**What you need to do:** All that is needed is the first stretch of the listing below, repeated exactly and ending with the line that contains "如图5-43所示,两根材料相". Pictures are to be left out.

═══ Source records ═══

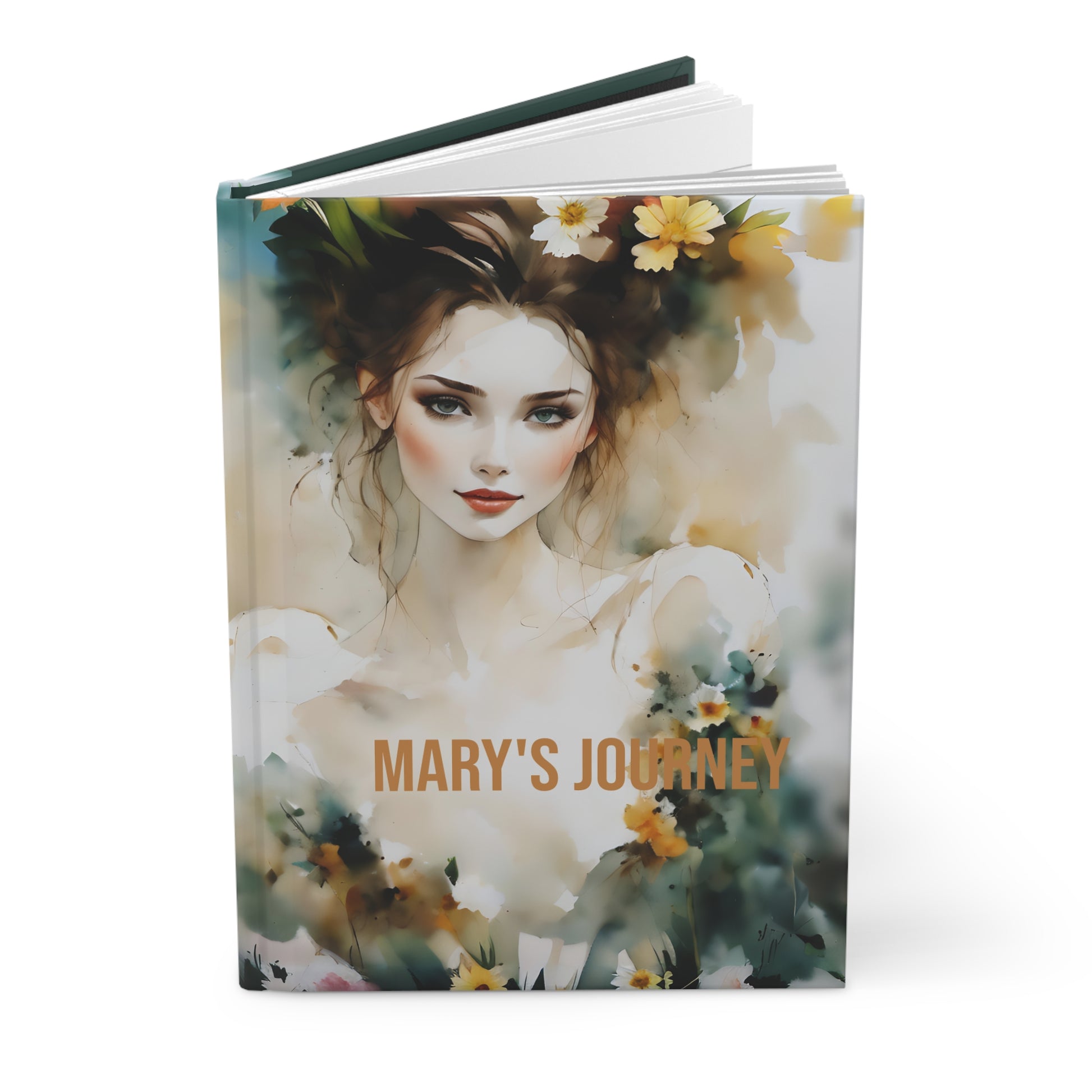Hardcover Journal - Lovely Dreamy Girl in Flowers Art by Fairyhill Studio
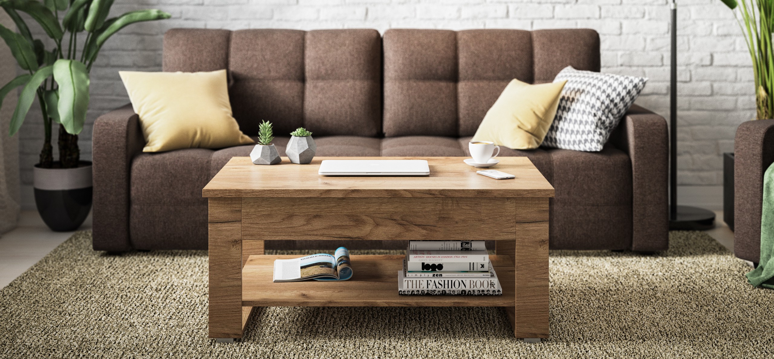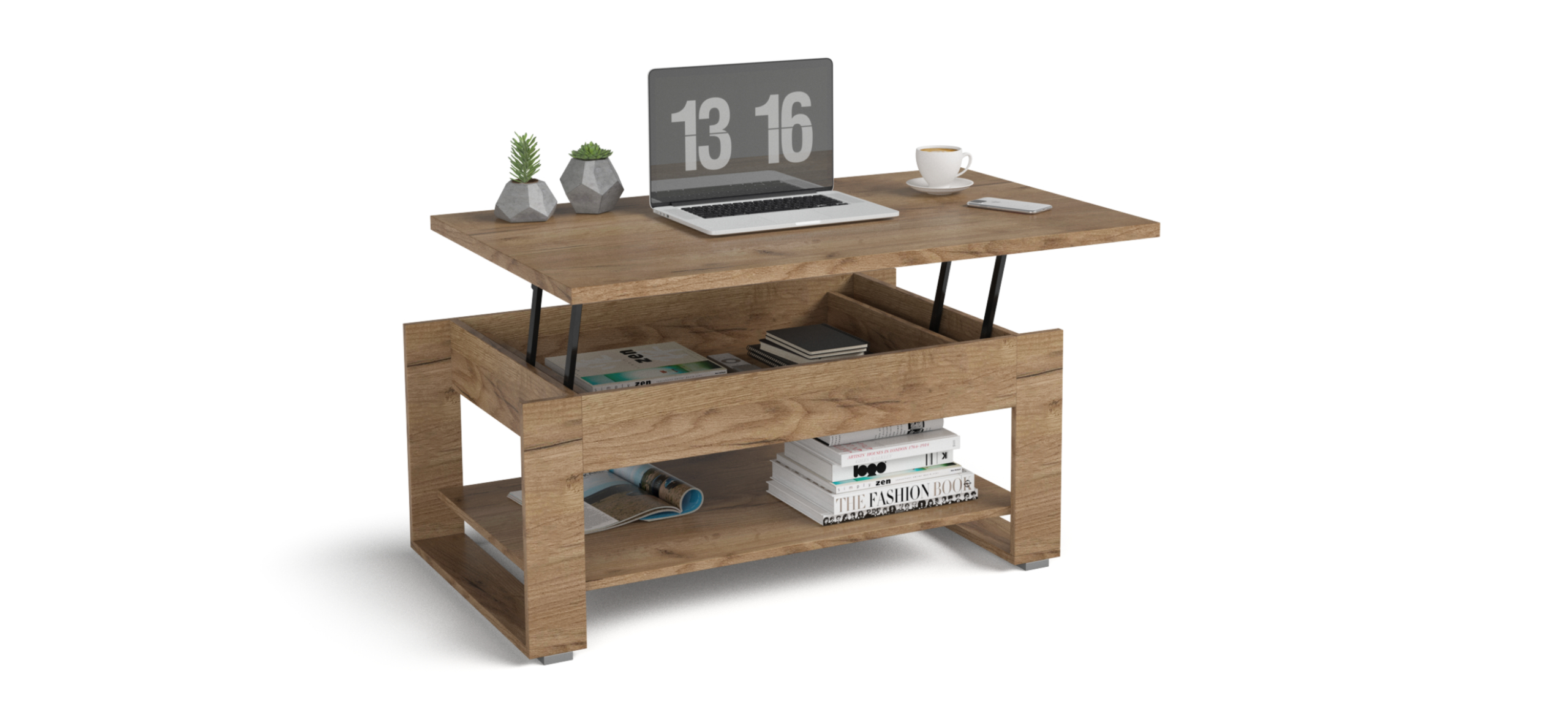 Стол журнальный LUX – практичное приобретение, выполняющее двойную функцию. В сложенном виде он служит компактным журнальным столиком, с ящиком и вместительной полкой для хранения повседневных мелочей. В разложенном виде он превращается в полноценное рабочее место, позволяющим вам работать не вставая с вашего любимого дивана.
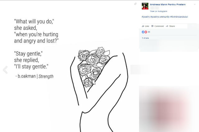 «Voi rămâne gingaşă.»)", e mesajul care apare în fotografia de mai jos.
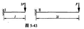 如图5-43所示,两根材料相同、弯曲刚度相同的悬臂梁I、II如图示,正确结论为()
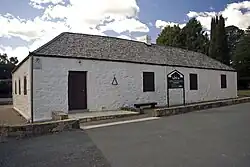 Canberra's first school opened in 1845, the same year that St John's was consecrated.[31] It was sponsored by the Campbells. The schoolroom was surrounded by five other rooms and served as the schoolmaster's residence. The schoolhouse's rubble and bluestone were quarried locally, with a shingle roof and thick walls to shelter against the harsh Canberra climate. The first students arrived in 1845 and it was the only school on the Limestone Plains until 1880 when the first public school was opened.[16] It was built to educate local settlers children,[33] including the Blundell children who lived in nearby Blundell's Cottage, another surviving remnant of Canberra's past.[4]
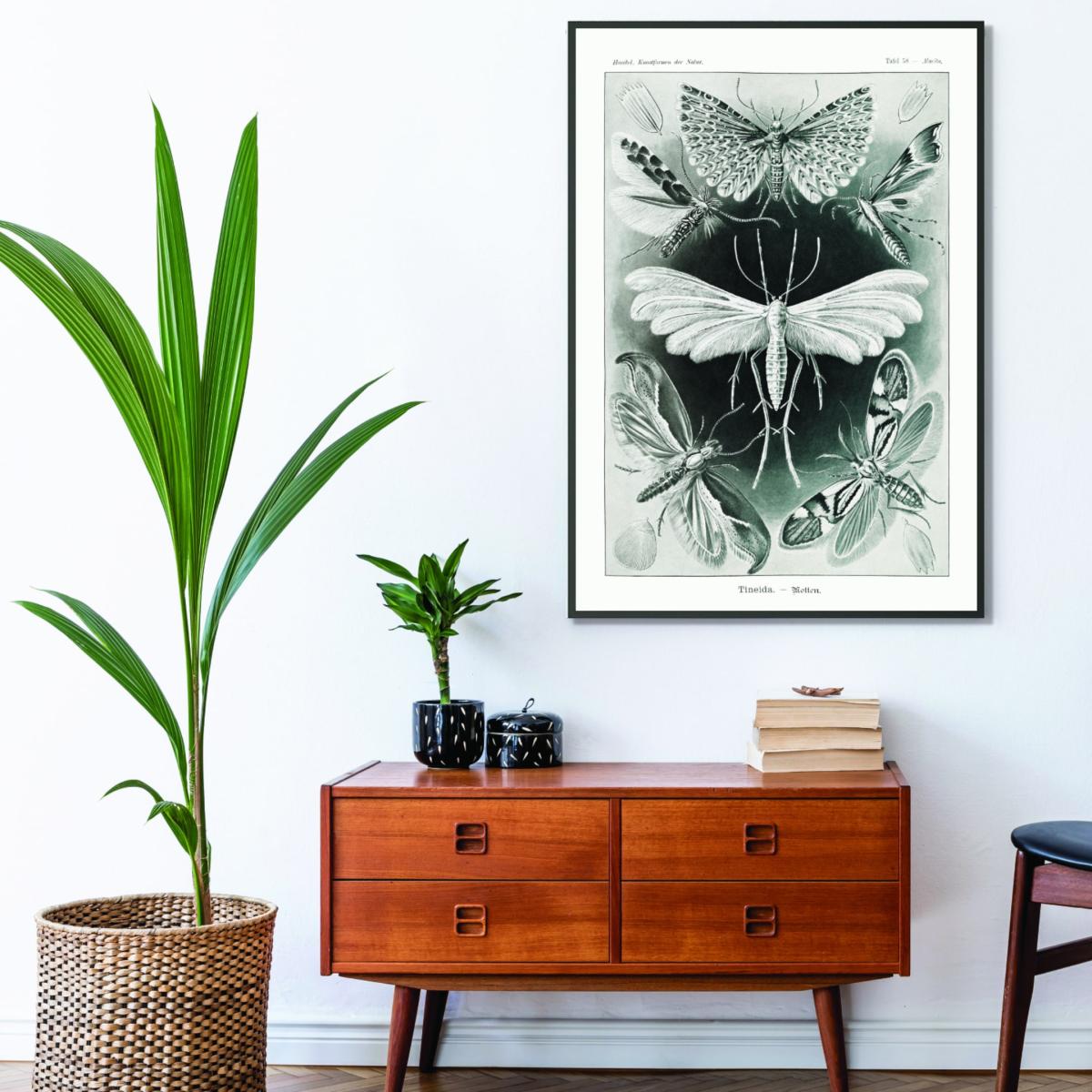 I love this print for its vintage scientific charm, making it a versatile piece that pairs well with both traditional and modern interiors. The detailed insect illustrations by Haeckel bring a touch of nature’s complexity indoors, perfect for creating a focal point in a living room or study. To style it effectively, consider framing in a simple, minimal frame to let the artwork stand out, and hang at eye level in a well-lit area. It works particularly well in spaces with neutral tones, where it can add a subtle contrast, or in eclectic interiors where it complements other curiosities. Practical tip: it looks striking grouped with other natural history prints or placed alongside minimal plant arrangements for a curated, botanical vibe.
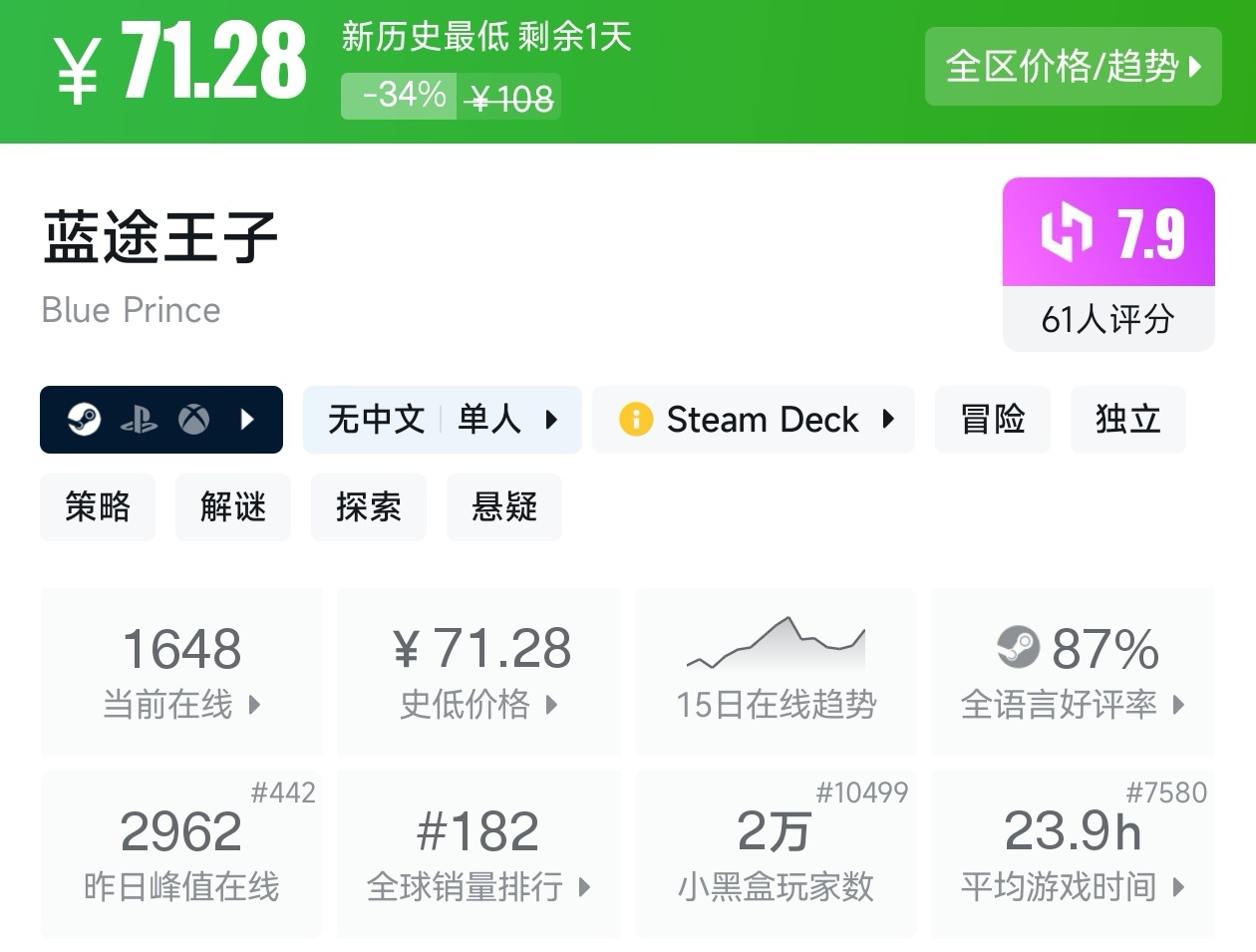 以上就是这期的折扣汇总,几乎涵盖了近期所有的新史低游戏,足足用了我一个小时。

═══

**Solution for this problem:**
Hardcover Journal - Lovely Dreamy Girl in Flowers Art by Fairyhill Studio
 Стол журнальный LUX – практичное приобретение, выполняющее двойную функцию. В сложенном виде он служит компактным журнальным столиком, с ящиком и вместительной полкой для хранения повседневных мелочей. В разложенном виде он превращается в полноценное рабочее место, позволяющим вам работать не вставая с вашего любимого дивана.
 «Voi rămâne gingaşă.»)", e mesajul care apare în fotografia de mai jos.
 如图5-43所示,两根材料相同、弯曲刚度相同的悬臂梁I、II如图示,正确结论为()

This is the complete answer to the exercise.